> **DATA BLOCK**
═══

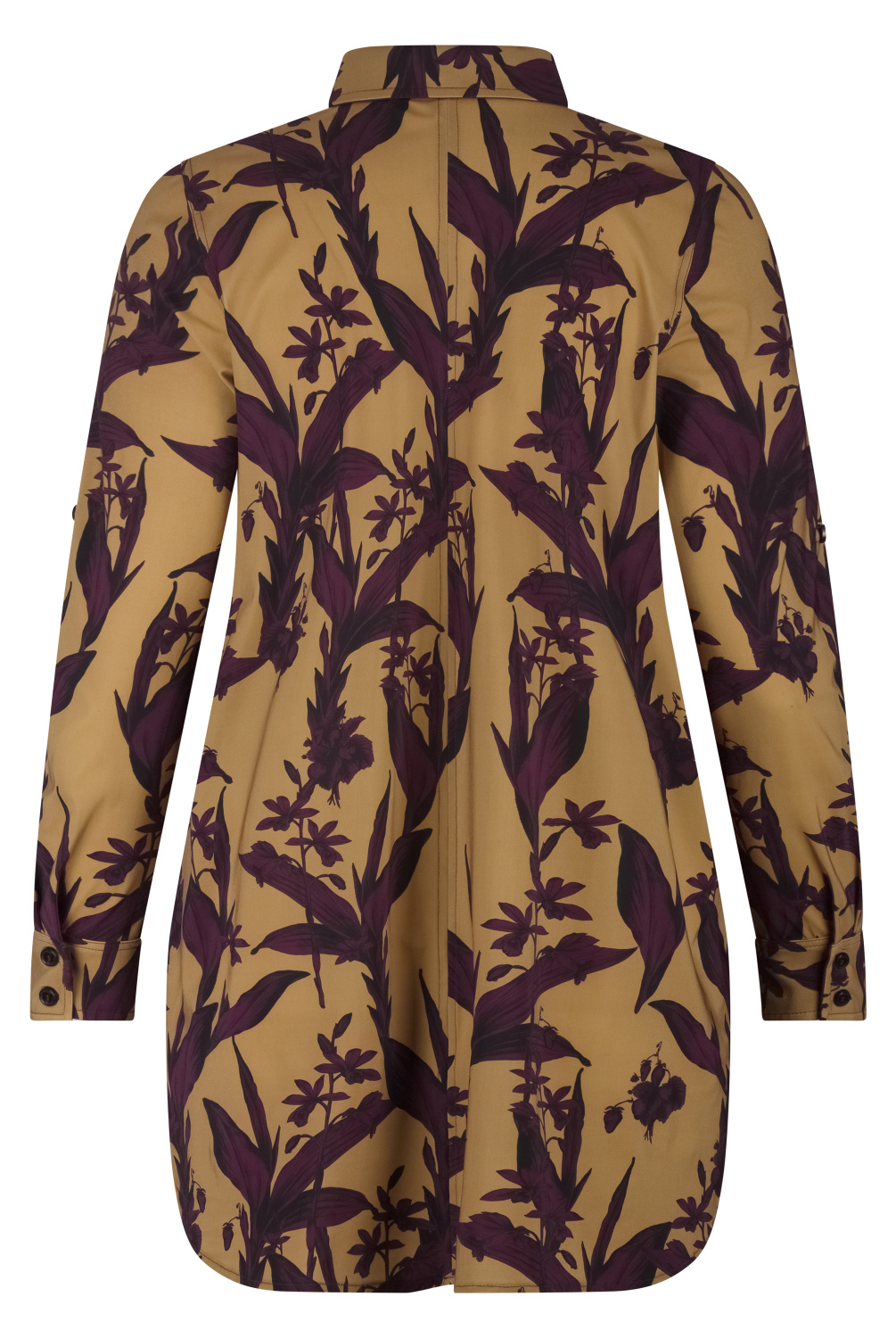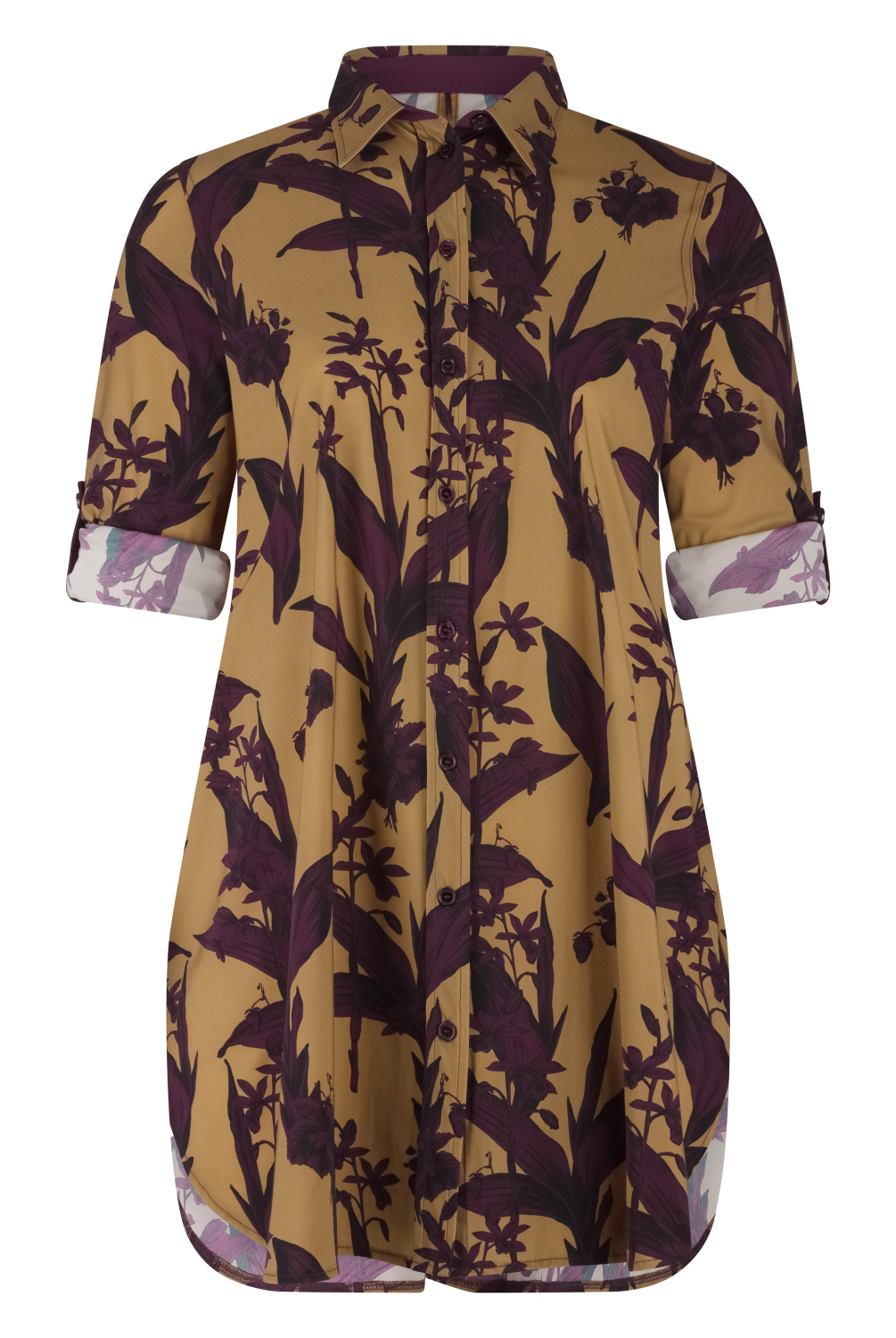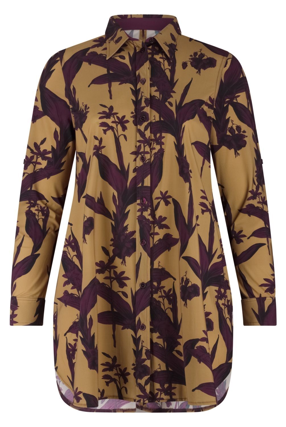 Lange blouse met overhemdkraag en knoopsluiting. Oprolbare lange mouwen met lummel en manchet met twee knoopjes. Aan de onderzijde heeft deze blouse afgeronde hoeken met zijsplit. Engelse naad op rugpand.
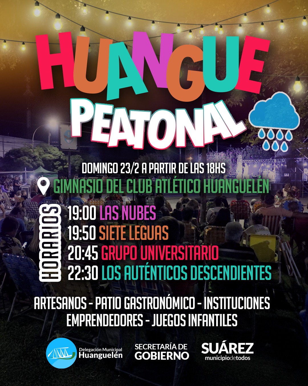 ¡Ni la lluvia nos para! La #HuanguePeatonal se traslada al gimnasio del Club Atlético Huanguelén para que podamos disfrutar de una noche increíble en el evento que moviliza a toda la comunidad.
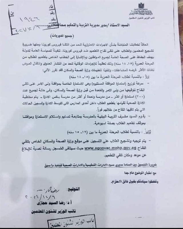 أرسلت وزارة التربية والتعليم والتعليم الفني، خطابا لمديريات التربية والتعليم بشأن الإجراءات الاحترازية للحد من انتشار فيروس كورونا ومنها ضرورة تشجيع المعلمين والطلاب على تلقى لقاح التطعيم ضد فيروس كورونا.

═══

> **TASK TO CARRY OUT**
Send back the data above verbatim, leaving out its pictures.

> **EXERCISE RESULT**
 Lange blouse met overhemdkraag en knoopsluiting. Oprolbare lange mouwen met lummel en manchet met twee knoopjes. Aan de onderzijde heeft deze blouse afgeronde hoeken met zijsplit. Engelse naad op rugpand.
 ¡Ni la lluvia nos para! La #HuanguePeatonal se traslada al gimnasio del Club Atlético Huanguelén para que podamos disfrutar de una noche increíble en el evento que moviliza a toda la comunidad.
 أرسلت وزارة التربية والتعليم والتعليم الفني، خطابا لمديريات التربية والتعليم بشأن الإجراءات الاحترازية للحد من انتشار فيروس كورونا ومنها ضرورة تشجيع المعلمين والطلاب على تلقى لقاح التطعيم ضد فيروس كورونا.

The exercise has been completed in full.